_Exercise details_
A faithful copy is needed of the lines below from the one with "The Brady Bunch, Maureen" up to and including the one with "The Federal Reserve lowered"; set it down with no pictures and no other lines.

_Data for the task_
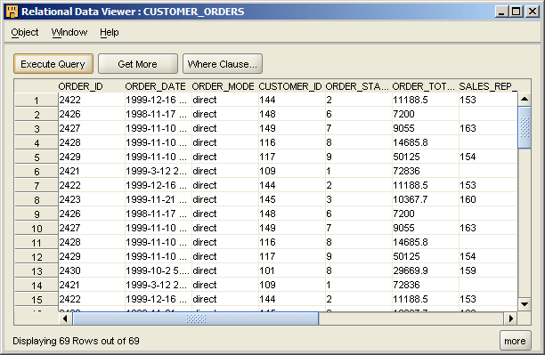 2422 16-DEC-99 10.19.55.462332 PM direct 144 2 11188.5 153 2424 21-NOV-99 12.22.33.263332 PM direct 146 4 13824 153 2425 17-NOV-98 01.34.22.162552 AM direct 147 5 1500.8 163 2428 10-NOV-99 04.41.34.463567 AM direct 116 8 14685.8 2429 10-NOV-99 05.49.25.526321 AM direct 117 9 50125 154 2430 02-OCT-99 06.18.36.663332 AM direct 101 8 29669.9 159 2421 12-MAR-99 09.53.54.562432 PM direct 109 1 72836 2426 17-NOV-98 02.22.11.262552 AM direct 148 6 7200 2428 10-NOV-99 04.41.34.463567 AM direct 116 8 14685.8 2429 10-NOV-99 05.49.25.526321 AM direct 117 9 50125 154 2430 02-OCT-99 06.18.36.663332 AM direct 101 8 29669.9 159ORDER_ID ORDER_DATE ORDER_MO CUSTOMER_ID ORDER_STATUS ORDER_TOTAL SALES_REP_ID PROMOTION_ID L
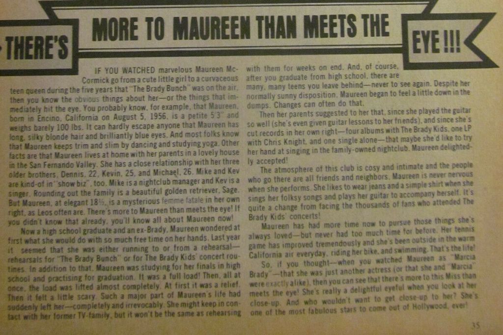 The Brady Bunch, Maureen McCormick 1970’s Full Page Magazine Clipping Posted byMarcia,Marcia,MarciaJanuary 17, 2020January 4, 2022Posted inMarcia Brady, maureen mccormickTags:Gallery There’s More To Maureen Than Meets the Eye Share this:TweetLike Loading... Related Pages: 1 2 3 Published by Marcia,Marcia,Marcia Fans Of Maureen McCormick Blog & All things Maureen McCormick related View more posts
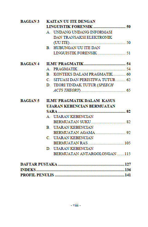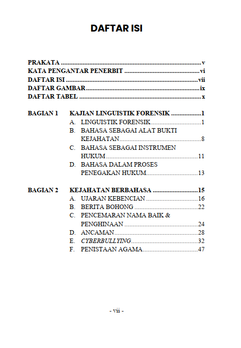 Berikut Daftar Isi Buku Hukum yang berjudul Buku Linguistik Forensik Penerapan Ilmu Pragmatik dalam Kajian Linguistik Forensik (Dilengkapi dengan Contoh & Analisis Kasus), diantaranya:
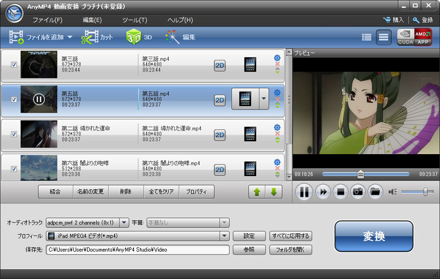 AnyMP4 動画変換 プラチナは専門的な動画変換ソフトウェアで、MP4、MTS、TS、MKV、MOV、FLVとAVIなどを2D或いは3D 動画に制限なし変換できます。2D動画だけでなく、HD TS、HD MTS、HD MOV、HD WMV、HD AVIなどのHD動画を3D動画に変換することも可能です。また、お好みに合わせて、出力3Dモードを選択することもできま す。また、この強力な動画変換ソフトウェアにより、動画から音声ファイルを抜き出し、MP3、AAC、AC3、M4Aなどに無損失で変換することができます。
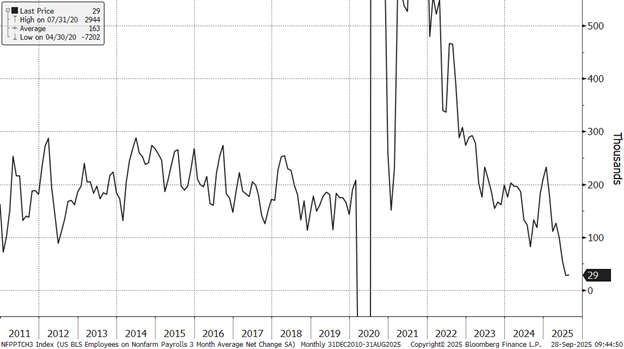 The Federal Reserve lowered its benchmark interest rate by 0.25% at its September meeting, setting the target range at 4.00 to 4.25%. Chairman Powell framed the move as a “risk management cut,” intended to support a softening labor market. The three-month moving average gain in nonfarm payrolls has slipped to roughly 29,000, which is well below the 111,000 monthly job gains the Federal Reserve Bank of Atlanta estimates would be needed to prevent unemployment from rising, assuming labor supply remains unchanged. Part of the slowdown reflects a reduced labor supply, amid significantly less immigration and an increase in deportations.
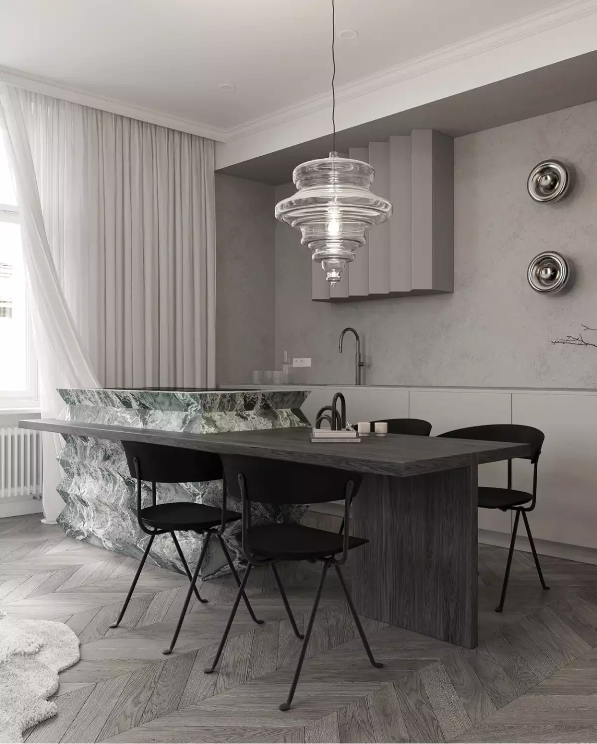 Plocha jednotky celkem činí 72,8 m², byt je navržen ve vysokém standardu. Obytný prostor doplňuje dřevěná podlaha FREVINI MONACO, pokládaná ve vzoru chevron. Interiérové dveře kombinují klasické dřevěné prvky s ocelovými skleněnými dveřmi se strukturovaným a čirým sklem, čímž podtrhují moderní charakter prostoru. K bytu náleží sklep.
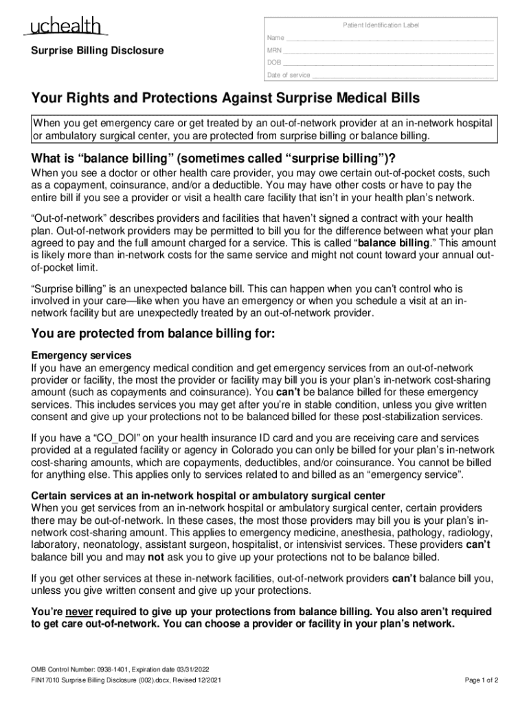 Obtain a copy of the fin17010 surprise billing disclosure form.
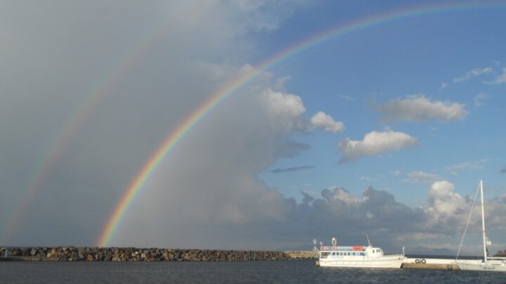We should be moving on soon but we must first wait out the strong blast that is forecast. The first sign of its arrival was the rain that came last night and again during the day today. It was cold enough that we had to get out our new sweaters. However we were treated to a fantastic rainbow over the harbour.
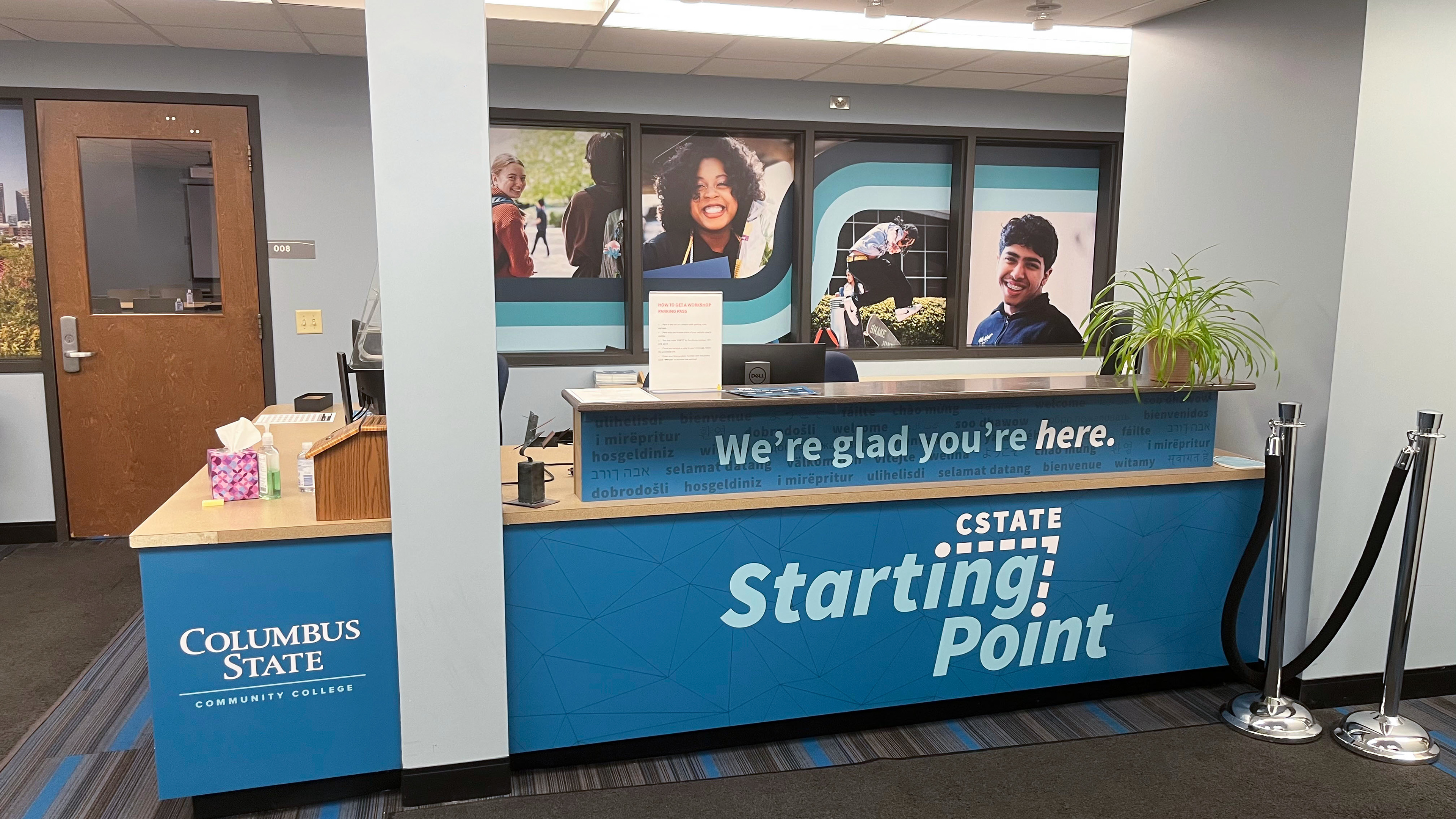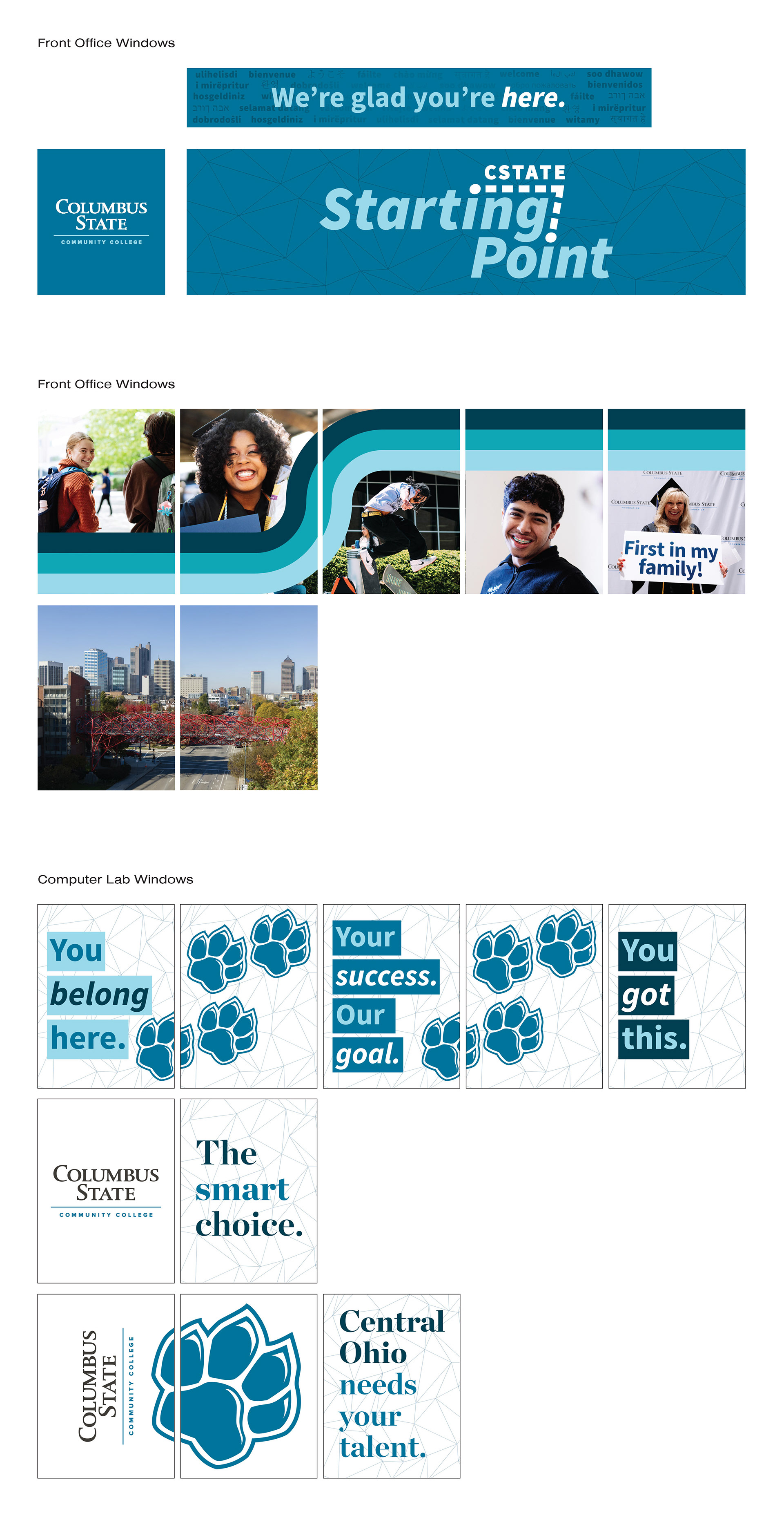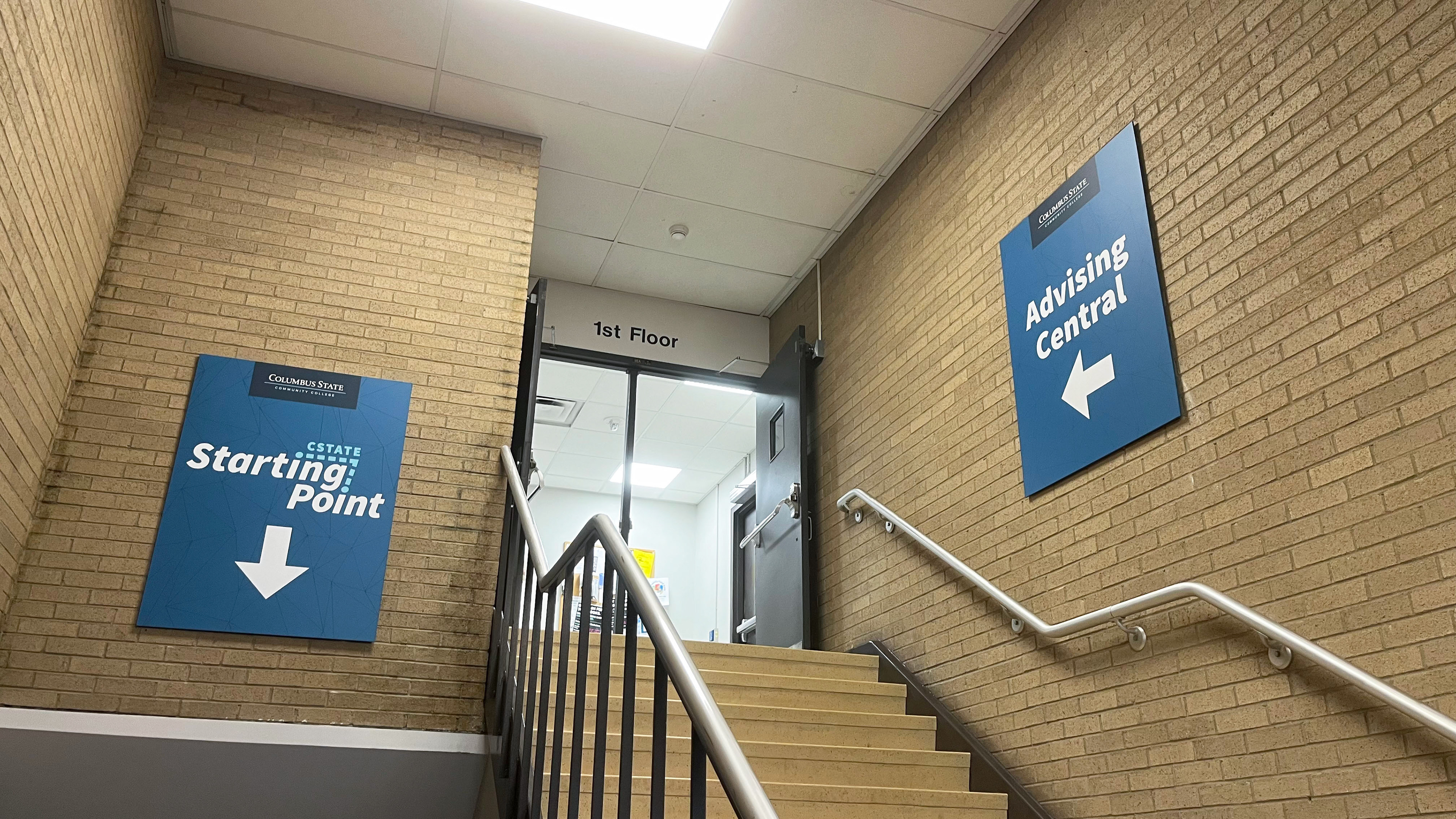 AQ002 was the name lovingly placed on an Admissions space with a variety of uses, including where students start their journey with Columbus State for testing, paperwork, and many other housekeeping items. The marketing team with leadership from our content teams on the project workshopped names and finally landed on CState Starting Point. Located on a lower-level building on campus, we needed signage to direct students and a bright design to account for lack of sunlight. (2025)

_Response to this exercise_
 The Brady Bunch, Maureen McCormick 1970’s Full Page Magazine Clipping Posted byMarcia,Marcia,MarciaJanuary 17, 2020January 4, 2022Posted inMarcia Brady, maureen mccormickTags:Gallery There’s More To Maureen Than Meets the Eye Share this:TweetLike Loading... Related Pages: 1 2 3 Published by Marcia,Marcia,Marcia Fans Of Maureen McCormick Blog & All things Maureen McCormick related View more posts
 Berikut Daftar Isi Buku Hukum yang berjudul Buku Linguistik Forensik Penerapan Ilmu Pragmatik dalam Kajian Linguistik Forensik (Dilengkapi dengan Contoh & Analisis Kasus), diantaranya:
 AnyMP4 動画変換 プラチナは専門的な動画変換ソフトウェアで、MP4、MTS、TS、MKV、MOV、FLVとAVIなどを2D或いは3D 動画に制限なし変換できます。2D動画だけでなく、HD TS、HD MTS、HD MOV、HD WMV、HD AVIなどのHD動画を3D動画に変換することも可能です。また、お好みに合わせて、出力3Dモードを選択することもできま す。また、この強力な動画変換ソフトウェアにより、動画から音声ファイルを抜き出し、MP3、AAC、AC3、M4Aなどに無損失で変換することができます。
 The Federal Reserve lowered its benchmark interest rate by 0.25% at its September meeting, setting the target range at 4.00 to 4.25%. Chairman Powell framed the move as a “risk management cut,” intended to support a softening labor market. The three-month moving average gain in nonfarm payrolls has slipped to roughly 29,000, which is well below the 111,000 monthly job gains the Federal Reserve Bank of Atlanta estimates would be needed to prevent unemployment from rising, assuming labor supply remains unchanged. Part of the slowdown reflects a reduced labor supply, amid significantly less immigration and an increase in deportations.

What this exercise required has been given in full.